For Billy, the language barrier with international colleagues at the centre was challenging, especially as they had to work together in performing their duties.

"We worked under difficult conditions. Remember, we were not only South Africans in the ICU. We had guys from South Korea, we had other ones from Italy, we had other nurses from Serbia, we had other ones from England," he says.

"For example, Koreans cannot speak English like us. I thought I couldn't speak English well but when I got there, I thought 'Oh my God, I can speak English'."

Health workers operated in shifts inside the isolation units, replacing each other every two hours, forming part of the 12-hour work day.  The exiting worker would report to their replacement relevant information, but as Billy found out in the beginning, this was far from simple. However, as time went by, the health workers became comfortable with one another and found a way to communicate.  

They were faced with a disease that has an average fatality rate of around 50%, so seeing patients survive Ebola was what Laura found to be the most rewarding part of her time in Freetown.

"You know, patients that are so critical you would think, 'I hope this patient makes it, but I don't think this patient will make it', and suddenly two days later the patient is fine, and maybe three or four days later they've been discharged,” she says.

"It was so amazing to see that people can survive Ebola. There's no cure, there's no patented drug, but everything is experimental of course, but people can survive. That's an amazing feeling."

The Ebola outbreak in West Africa has seen countries and organisations from the around the world contribute one way or another in fighting the disease. Billy described it as being part of a global response to a global crisis, an experience he feels is one of the best things that has ever happened to him.

"It was like the whole world has come together you understand, so doing something that everyone is talking about, it was personally rewarding. You know what you are doing there makes a huge difference globally," he says.

"When this opportunity came I was like 'Let me go there and be part of history'. I know a lot of healthcare workers died, but for me to be there, it can be rewarding to me, rewarding to the country and the world.
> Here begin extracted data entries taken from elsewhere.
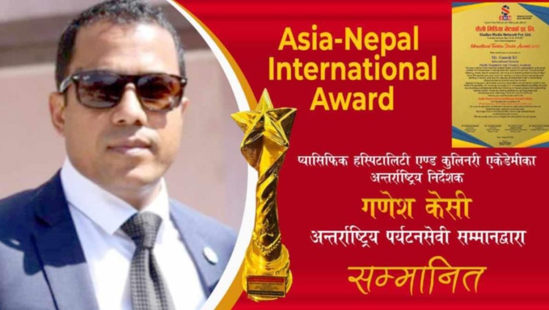 बैंकक – सफल युवा व्यवसायी एवम् एनआरएनए अष्ट्रेलियाका पूर्वअध्यक्ष प्यासिफिक हस्पिटालिटी एण्ड कुलिनरी एकेडेमीका अन्तराष्ट्रिय डाईरेक्टर सामाजिक व्यक्तित्व गणेश केसी एसिया नेपाल इन्टनेशनल अवार्ड २०२४ बाट सम्मानित भएका छन्। शैली मिडिया नेटवर्क प्रालि को आठौं वार्षिकोत्सवको अवसरमा शनिबार बैंककमा आयोजना गरिएको एसिया नेपाल इन्टनेशनल अवार्ड २०२४ ’ अन्तर्गत नेपालको पर्यटनलाई विश्वबजारमा प्रवर्द्धन गरि मुलुकलाई योगदान पुर्यायाउनु भएमा केसी सम्मानित भएका हुन्। सम्मानित सामाजिक व्यक्तित्व गणेश केसी संक्षिप्त परिचय चितवनमा जन्मिएर अस्ट्रेलियालाई आफ्नो कर्मभूमि बनाएका केसी विगत २ दशक भन्दा बढी देखि विदेशमा रहेर पनि समुन्नत नेपाल निर्माणको लागि विभिन्न क्षेत्रमा सक्रिय रहेका छन्।
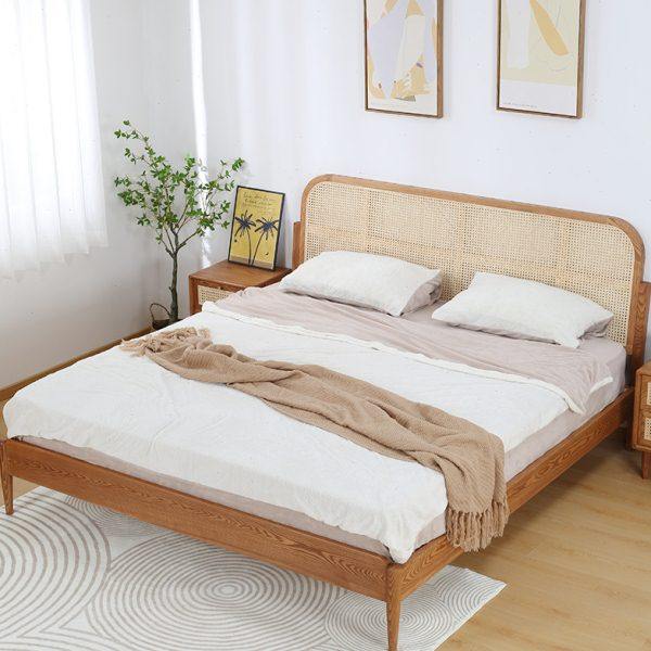 藤编床白蜡木实木床北欧双人床1.8米原木色1.5米民宿简约侘寂风床
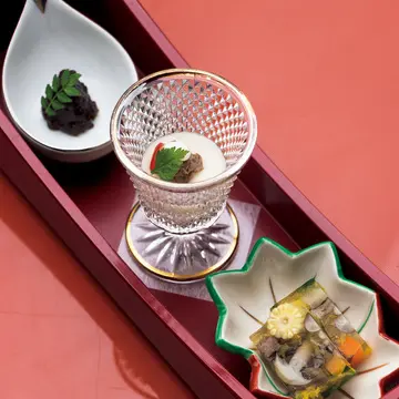 そぼろ煮、季節のゼリー寄せ、野菜のムースの前菜と、牛肉に、だし汁を注ぐ「肉すまし」は、椀に肉のうま味が広がる逸品。う~おいしい~!
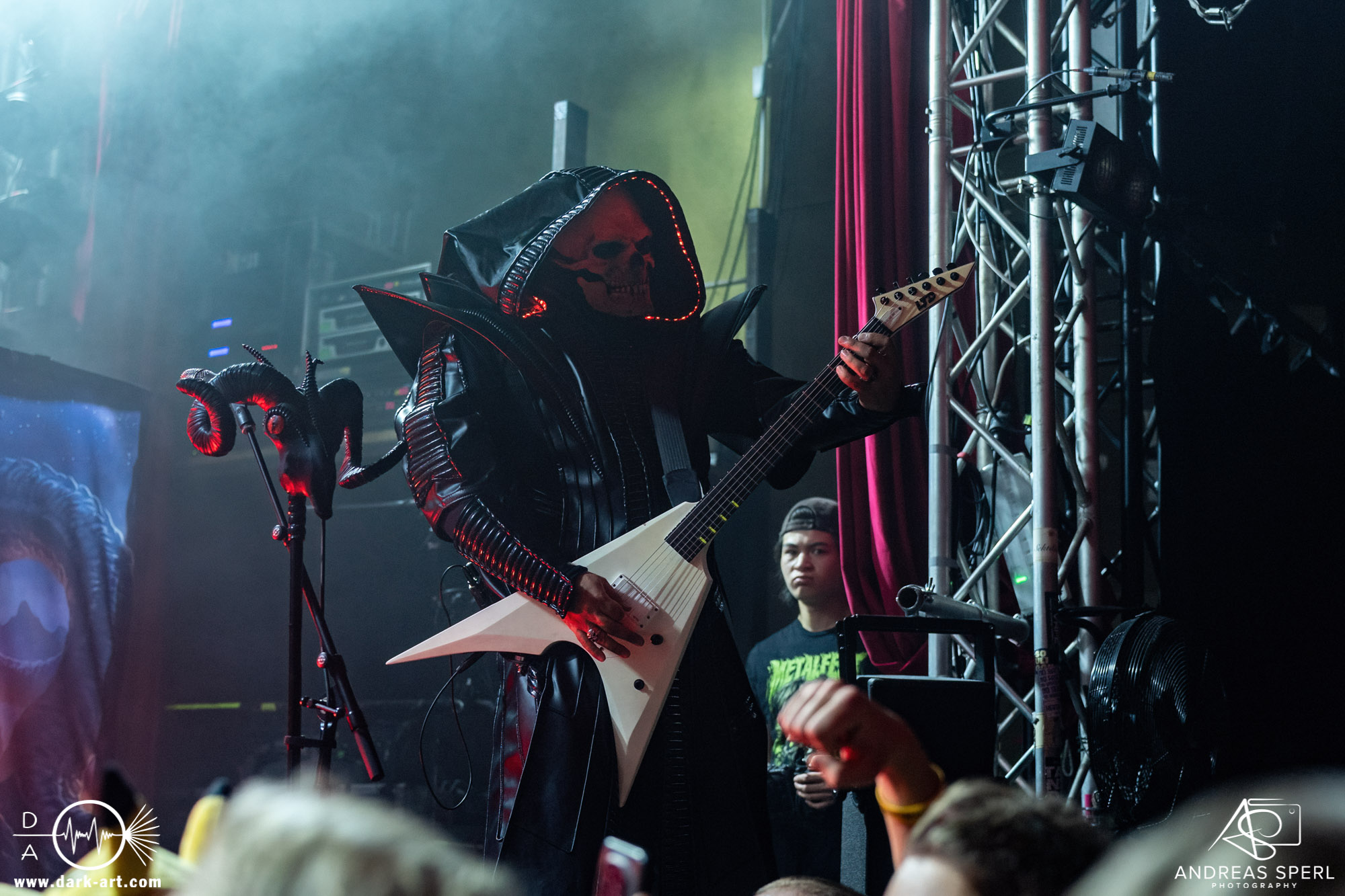 Auch die Story wurde konsequent weitergeführt. Die Amazonenkönigin sei leider nicht anwesend, erklärte Adam, aber man werde ihr dennoch mit Amazons of Caledonia Tribut zollen. Anschließend wurde es noch einmal dramatisch. Der Erzdämon Seebulon wollte zurück in die Hölle und das Publikum wurde kurzerhand dazu verpflichtet, beim Öffnen des Tores zu helfen. Ride to Hell lieferte den passenden Soundtrack dazu.

If we didn't go there, who must go there?"

Both Billy and Laura say life in Freetown is impossible for South Africans to imagine, with schools having been shut since September last year, and university students found either at home or at the treatment centres in an attempt to sustain themselves.
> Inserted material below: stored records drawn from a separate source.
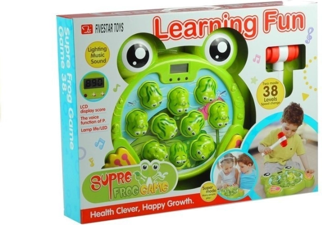 Frog‑theme herní deska se 10 žabkami a měkkým kladívkem přináší klasickou zábavu „tref žabku“. Jednoduchá pravidla děti rychle pochopí a díky více úrovním obtížnosti si hru užijí mladší i starší hráči. Přísavky na zadní straně zajistí stabilitu na hladkém povrchu a LCD displej přehledně ukazuje skóre.
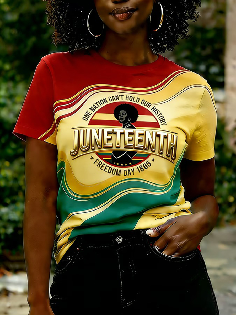 Women's Juneteenth Freedom Patchwork Casual T-Shirt
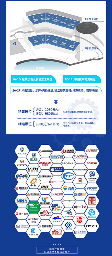 1、食品加工/包装设备:餐饮食材生产机械设备、预制菜处理设备、中央厨房全套及配套产品技术、智慧厨房设备、食品杀菌设备、包装机械、灌装设备,;肉类加工设备、屠宰设备、水产加工设备等;收银终端,送餐机器人、餐厨用具、餐厨器皿,新零售、智慧餐厅(自动售餐机)、信息化服务商等,包装设计、图形设计、商标设计、包装设备、各种复合材料、金属材料、纸质材料、玻璃材料、防伪材料及各种材料与制品等;
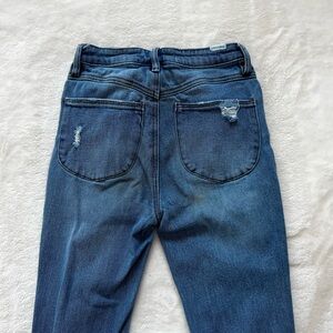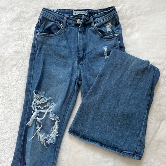 Stylish distressed blue jeans perfect for a casual look. Comfortable and trendy, ideal for everyday wear. Tighter thighs, loose bell bottoms.
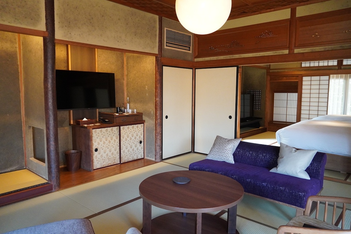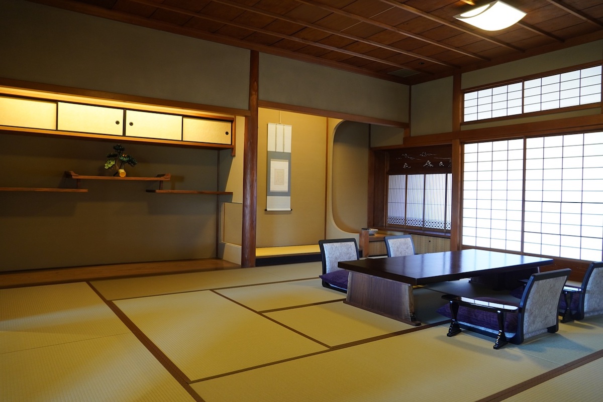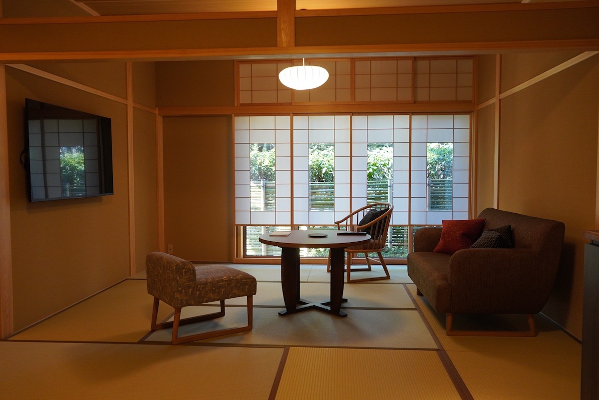 鳴滝本館離れ1階「禄(ろく)」は、2方向に縁側と専用の庭がある客室です。95.9㎡の室内は、お茶室の前室として使われていたそうですが、こんなに広い前室とは驚きです。

Billy says his return to South Africa was bitter-sweet, as he felt he had unfinished business in Freetown, where he represented his country and made an impact on the lives of others.

“I'm a bit sad honestly, because I didn't want to come home. I wanted to come home when Sierra Leone has been officially declared Ebola free. For me to come home, when that has not happened, I'm sad...it was heart breaking for me,” he says.

“We went there as soldiers. Before I left for Sierra Leone, people were looking at me, many members of the public were saying we will be repatriated to South Africa in body bags, so I was like ‘No, I'm a soldier, I'm going there. I have compassion for people’."